Присмотревшись, мадам поняла, что это не просто какой-то предмет и он не просто перекатывается и соскальзывает, как ей почудилось ранее. Оно шагало, делая маленькие, но вполне размеренные шаги, словно что-то живое. С крошечным ужасным лицом, которое ничего не выражало, и эти глаза… Маленькие, сверкающие глазки, которые уставились прямо на мадам Йоцку.
Женщина несколько секунд смотрела как завороженная и вдруг неожиданно осознала, что этот маленький целеустремленный монстр — кукла, кукла Моники! И сейчас эта кукла двигалась по направлению к ней по складкам покрывала. Шла прямо на нее.

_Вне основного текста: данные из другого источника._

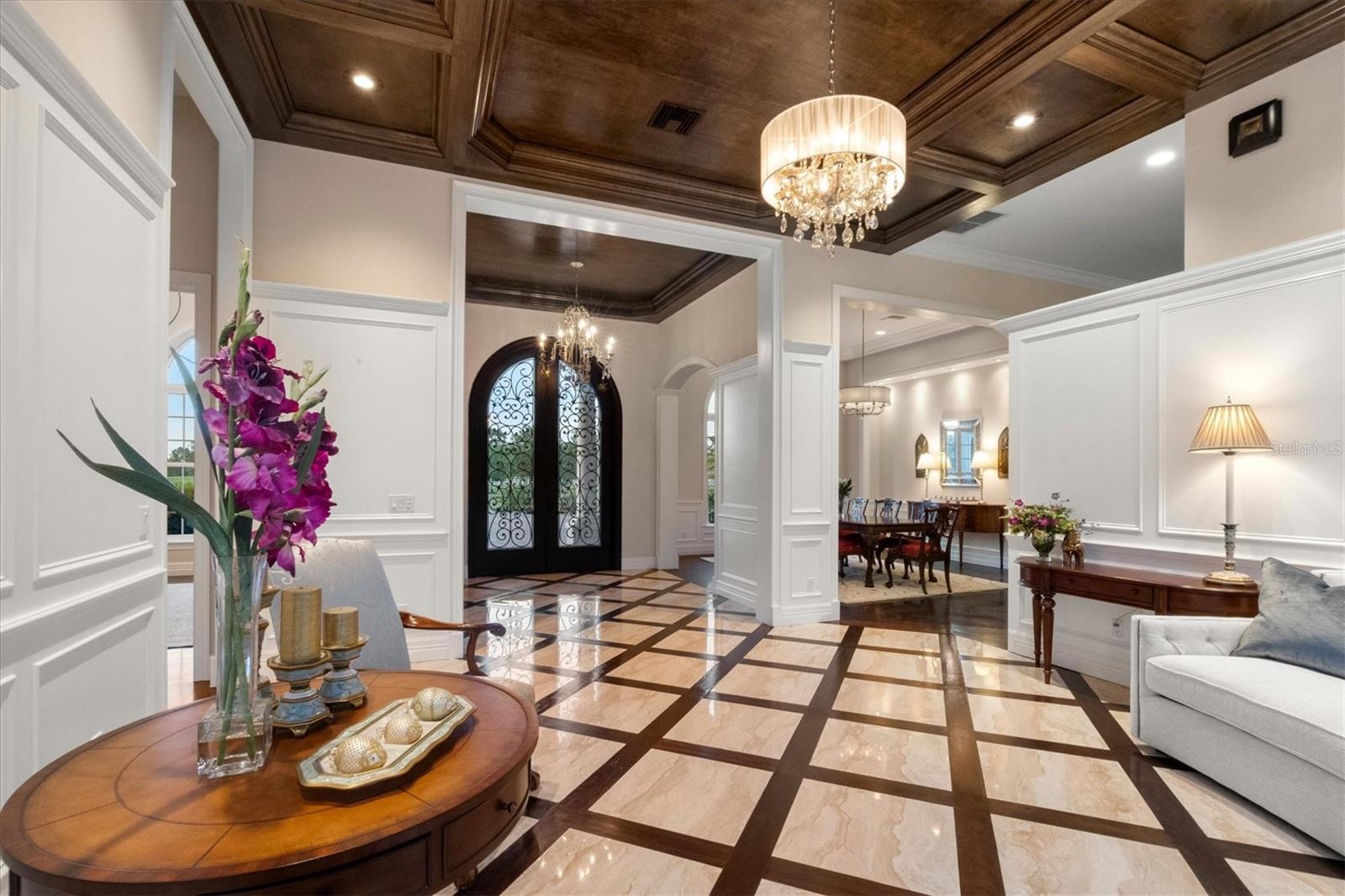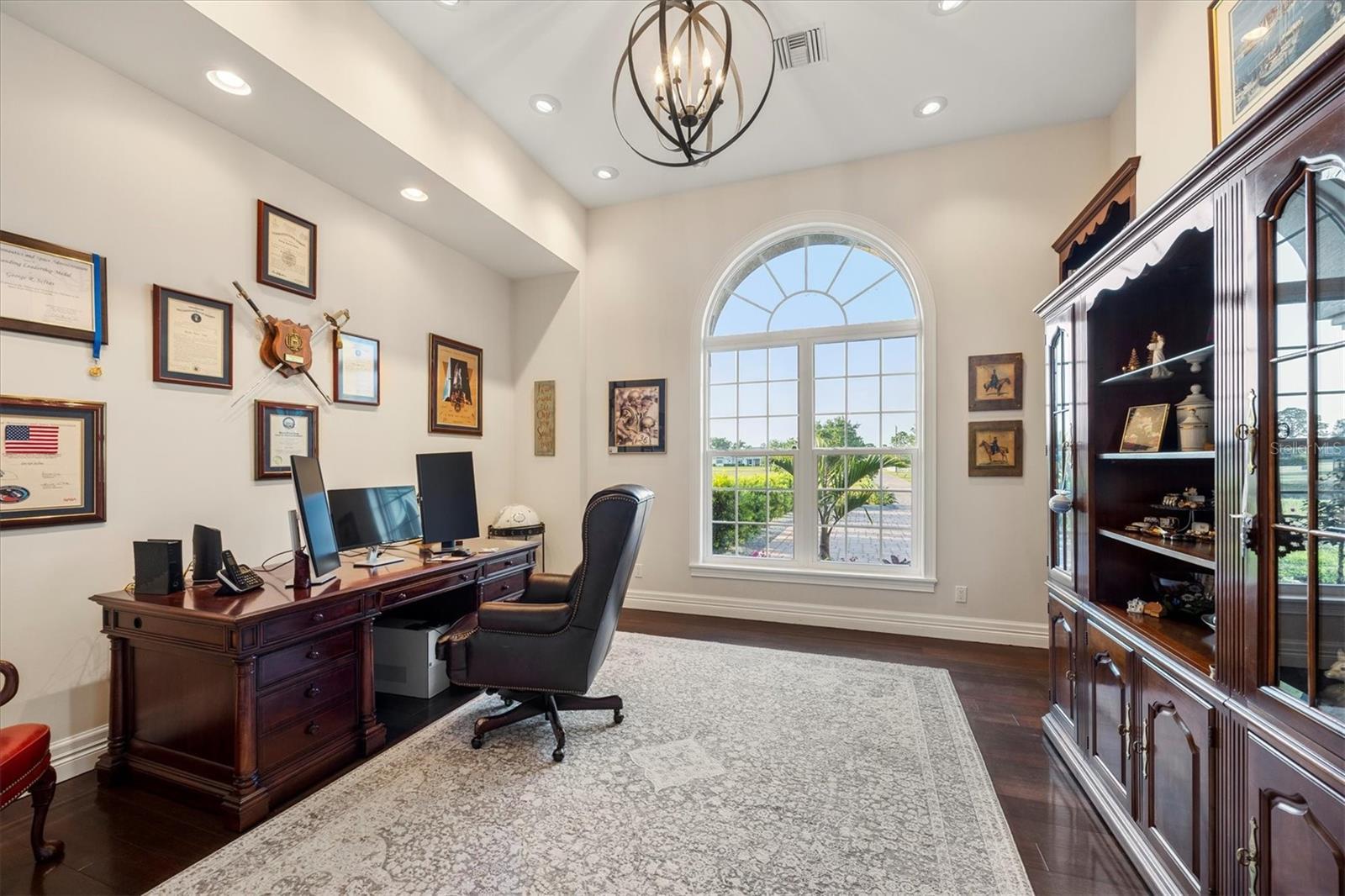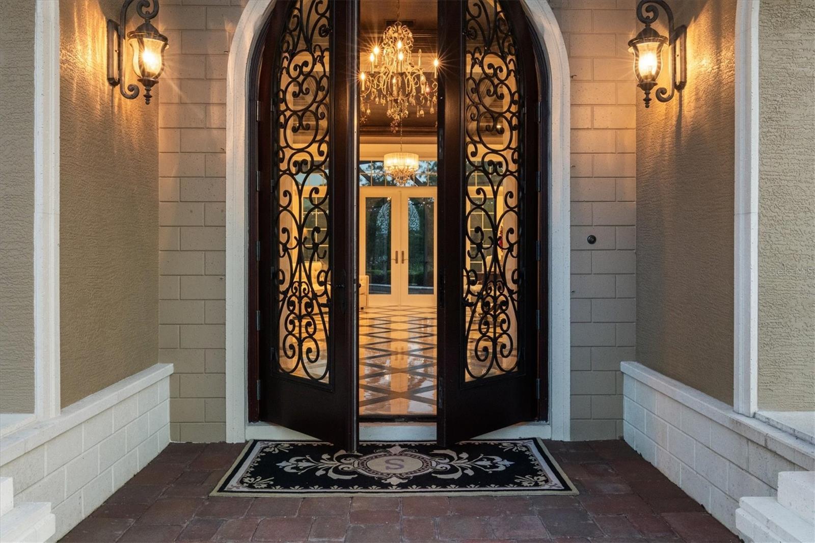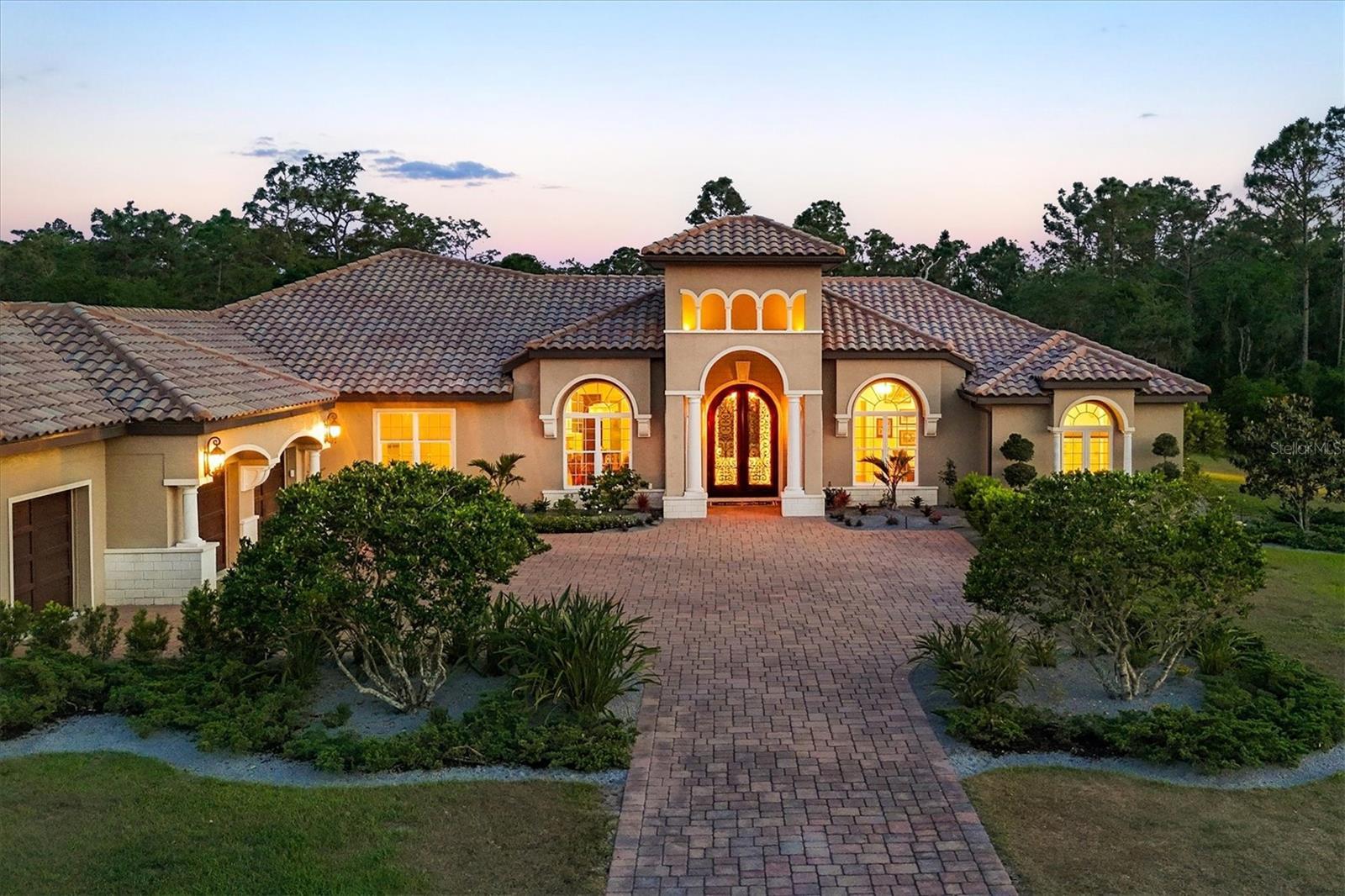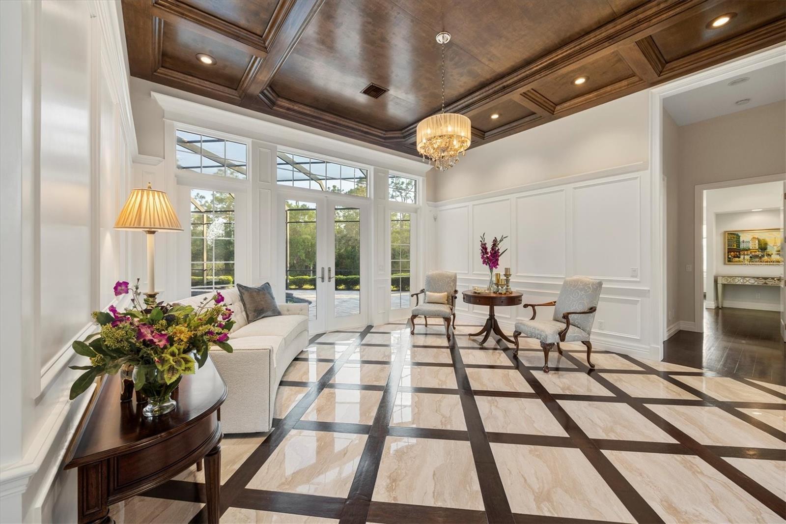 Set on over seven acres in the prestigious equestrian community of Panther Ridge, this custom-built estate offers refined single-story living surrounded by serene preserve views and a private lake. Thoughtfully designed for everyday living and elegant entertaining, the residence spans four bedrooms, four and a half baths, a dedicated office and a spacious bonus room, all underpinned by quality craftsmanship, security of impact-rated windows and front door, and impeccable overall design. A long, private drive leads to a stately entry framed by double-arched, hurricane-rated wood and glass doors with custom ironwork. Inside, high ceilings, architectural detailing, and a combination of rich wood and inlaid tile flooring create a sophisticated yet inviting atmosphere. Expansive windows bring in natural light and connect the interiors to the tranquil outdoor setting. The kitchen is professionally equipped with premium Dacor appliances, including a six-burner gas cooktop, wall oven, microwave drawer, built-in refrigerator and dishwasher. A custom pantry, custom-built breakfast banquette and seamless flow into the living room make this space ideal for everyday use and casual entertaining. A formal dining area is framed by tray ceilings and detailed millwork, offering a timeless setting for special occasions. The home’s guest accommodations include three well-appointed suites, two sharing a Jack and Jill bath, and a third with a private en suite and walk-in closet. A spacious bonus room with vaulted beamed ceilings offers flexibility as a media room, studio or play space. The home office, beautifully designed with custom built-in cabinets, provides a quiet and functional workspace. The expansive primary suite is a private retreat featuring dual walk-in closets and a spa-inspired bath with a freestanding soaking tub, walk-in shower with dual heads, dual vanities and elegant finishes throughout. Outdoor living is equally impressive. The screened lanai includes a saltwater heated pool and spa, an outdoor kitchen with built-in grill and multiple seating areas, all set against a private preserve. Limestone pavers and extensive landscaping elevate the outdoor experience. Additional features include whole-house water filtration and water softener systems, upgraded landscaping and thoughtful storage throughout. Minutes from Lakewood Ranch and close to top-rated schools, dining, shopping and Gulf Coast beaches, this estate offers the rare combination of privacy, luxury and convenience. Panther Ridge is known for its expansive homesites, equestrian trails and peaceful natural setting, making it one of Sarasota’s sought-after communities. This property is more than a residence, it’s an exceptional lifestyle opportunity.

Мадам Йоцка взяла себя в руки, пытаясь отвергнуть это невероятное и немыслимое. Она пыталась отринуть от себя и тот холод, что сковал все ее тело. Гувернантка молилась. Она лихорадочно ухватилась за воспоминания о своем духовнике из Варшавы. Не издав ни единого звука, в душе нарастал вопль. Но кукла, убыстряя шаг, ковыляла прямо к ней, и стеклянные глаза пристально смотрели на гувернантку.

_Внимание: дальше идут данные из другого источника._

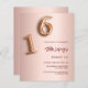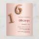 En modern, snyggt och glamorös inbjudan till en flickvän 16, 16:e födelsedagsfesten. En övertoningsbakgrund för ro guld. Namn är skrivet med ett modernt skript för färgaden ro guld i mörk, skrivet med stil. Anpassa och lägg till information om party. Nummer 16 skrivs med ett stil-skript med ballong. 1 lakan = 1 inbjudan tryckt kant till kant.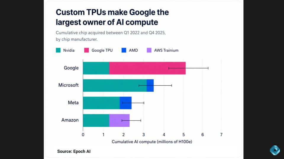 The Epoch AI chart on “H100 equivalent” capacity below suggests Google has more AI compute than any other cloud, driven largely by TPUs – a brute-force approach compared to Nvidia, but one that lets Google control its own destiny on supply and deployment.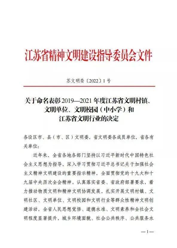 近日,省精神文明建设指导委员会发布《关于命名表彰2019——2021年度江苏省文明村镇、文明单位、文明校园(中小学)和江苏省文明行业的决定》,我院被授予“2019——2021年度江苏省文明单位”荣誉称号。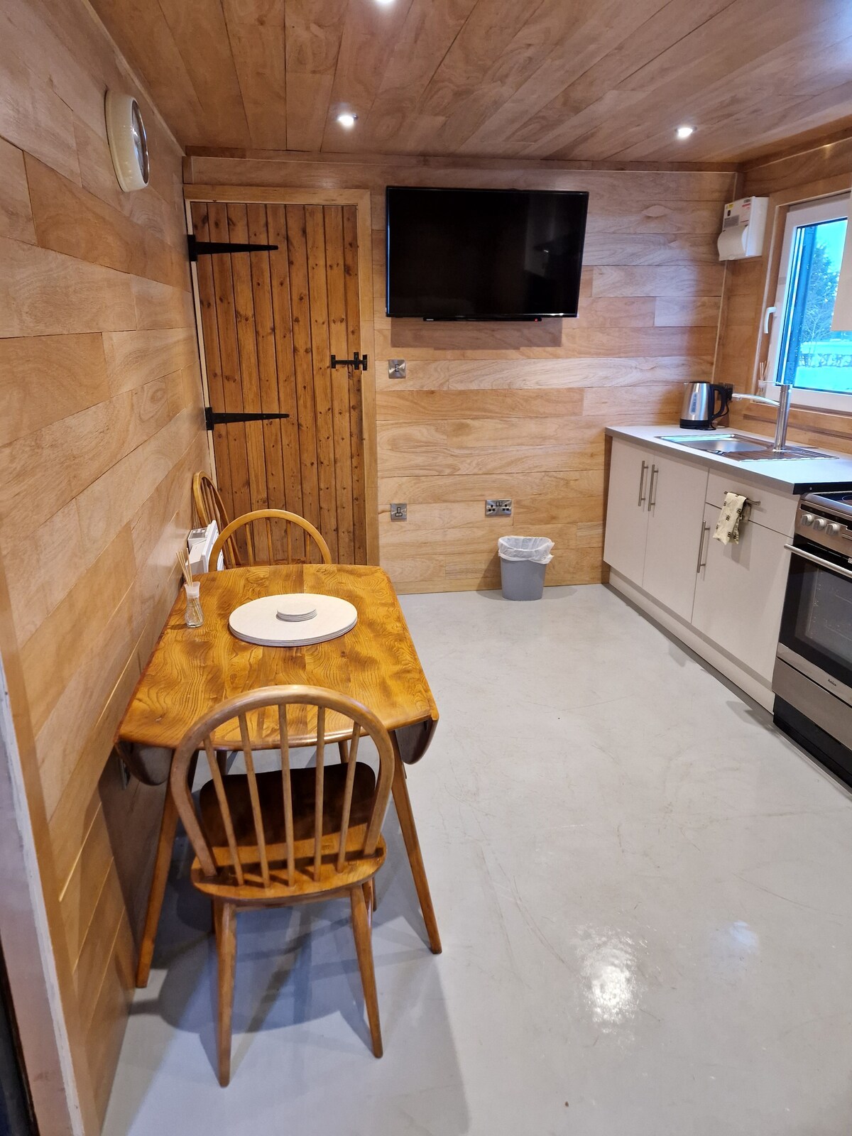 Enjoy nature when you stay in this unique place. Oaklands container is located on a working farm and has an onsite Boarding kennels, although situated well away, some noise may occasionally be heard. The container has an open plan kitchen/living space with a Sofa bed and dining table . The main bedroom has 1 double bed. Private bathroom with shower.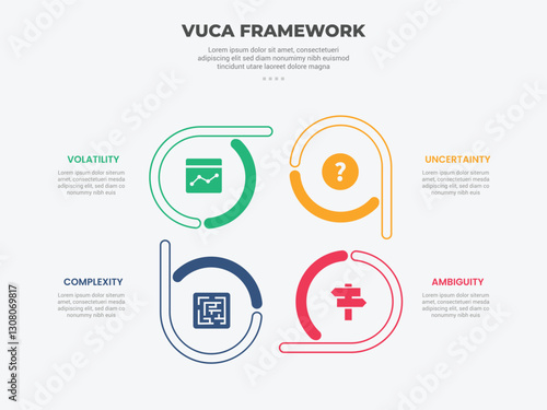 Wall mural vuca world model infographic outline style with 4 point template with creative circle on cycle circu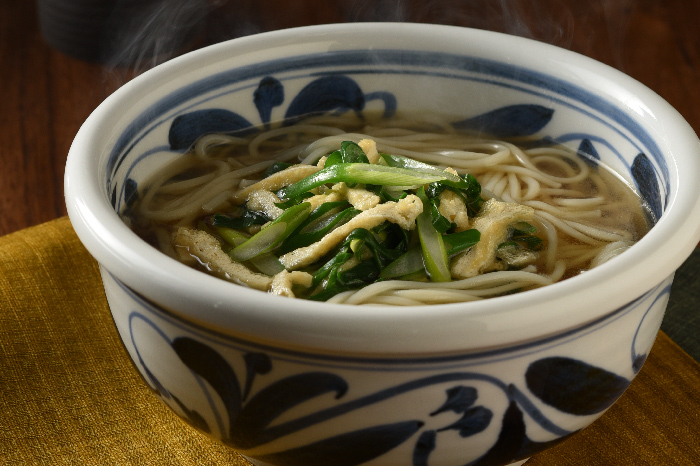 関東の年越しそばは、かつおだしに濃い口しょうゆで味付けされています。

Тут мадам Йоцка потеряла сознание.
То, что мадам была женщиной весьма рассудительной, это совершенно ясно из ее трезвой оценки: слишком уж невероятной была история, никто не поверит. Она шепотом рассказала ее только кухарке, в то время как полковнику представила более убедительную версию о том, что смерть одного из членов семьи обязывает ее поспешить в Варшаву. Однако тогда, едва придя в себя, молодая женщина набралась храбрости и совершила почти подвиг, а именно: взяла себя в руки и решила провести маленькое расследование. Вооруженная своей верой, она так и поступила — на цыпочках прошла в глубь комнаты и убедилась, что Моника спокойно спит, а кукла неподвижно лежит на покрывале, почти в ногах. Гувернантка присмотрелась к ней внимательнее. Незакрывающиеся кукольные глаза, обрамленные огромными черными ресницами, смотрели в пустоту. Выражение лица куклы было не столько невинным, сколько откровенно глупым, дешевое подобие жизни глядело маской смерти, где живого не могло быть и в помине. Кукла выглядела не просто неприятной, а отвратительной.

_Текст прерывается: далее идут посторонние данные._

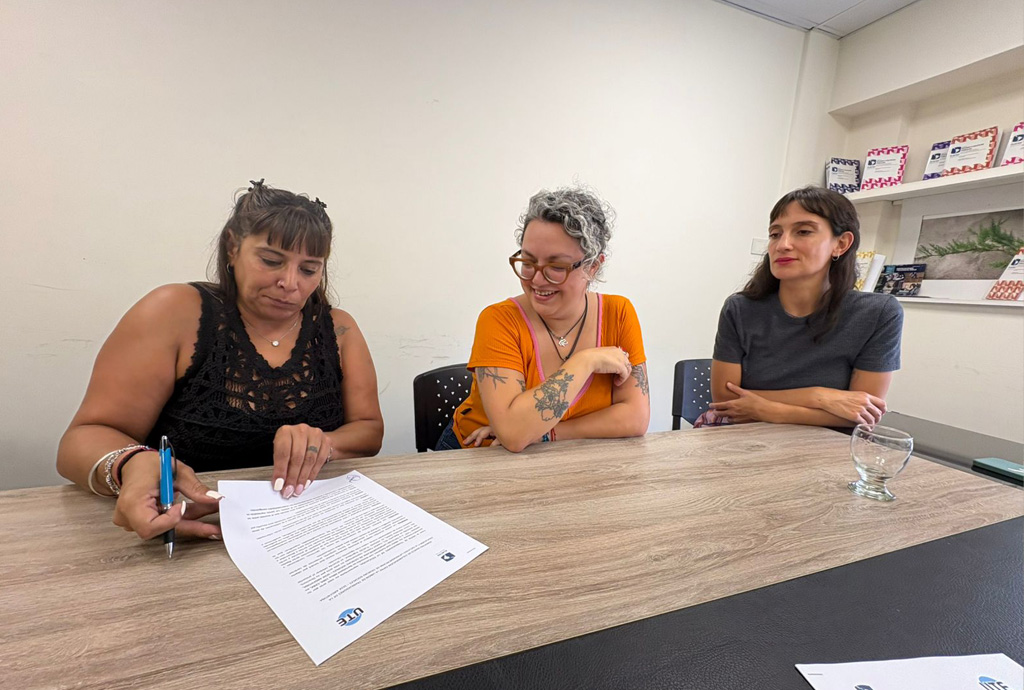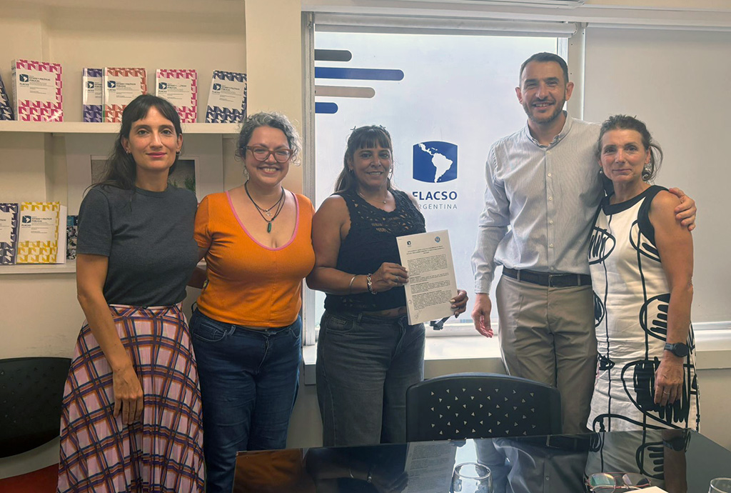 La firma del convenio se realizó con la presencia de Valentina Delich, directora de FLACSO Argentina; Monona Gutiérrez, secretaria general de UTE; Antonella Bianco, secretaria de Igualdad de Oportunidades y Géneros de UTE; Paula Galigniana, secretaria de Comunicación de UTE; y por el equipo del NEGESEC Sebastián Fuentes y Natalia Nasep.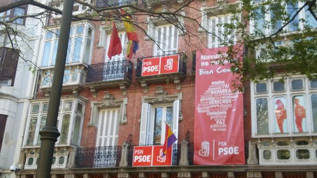 Justo cuando el Tribunal Superior de Justicia de Navarra emitía un auto por el que suspendía la decisión del Parlamento de Navarra de colocar la bandera republicana en la fachada de la cámara foral, los socialistas colgaban esta misma bandera de un balcón de su sede.

Тем не менее мадам Йоцка не только присматривалась. С завидной смелостью она заставила себя дотронуться до этого маленького кошмара. Даже взяла его в руки. Вера гувернантки, ее глубокие религиозные убеждения вступили в противоречие с увиденным ранее. Она не могла видеть никакого движения. Это невероятно и невозможно. Причина должна крыться в ней самой. Во всяком случае, эта убежденность дала ей силы дотронуться до вызывающей отвращение маленькой игрушки, взять ее в руки. Гувернантка положила куклу на стол рядом с кроватью между вазой с цветами и ночником и оставила ее лежать на спине — такую беспомощную, невинную, но по-прежнему вызывающую ужас. Только потом она вышла из комнаты с дрожью в коленях и пошла к себе. То, что ее руки оставались ледяными, пока она наконец не уснула, легко можно объяснить вполне естественными причинами, чтобы нам не заострять на этом внимание.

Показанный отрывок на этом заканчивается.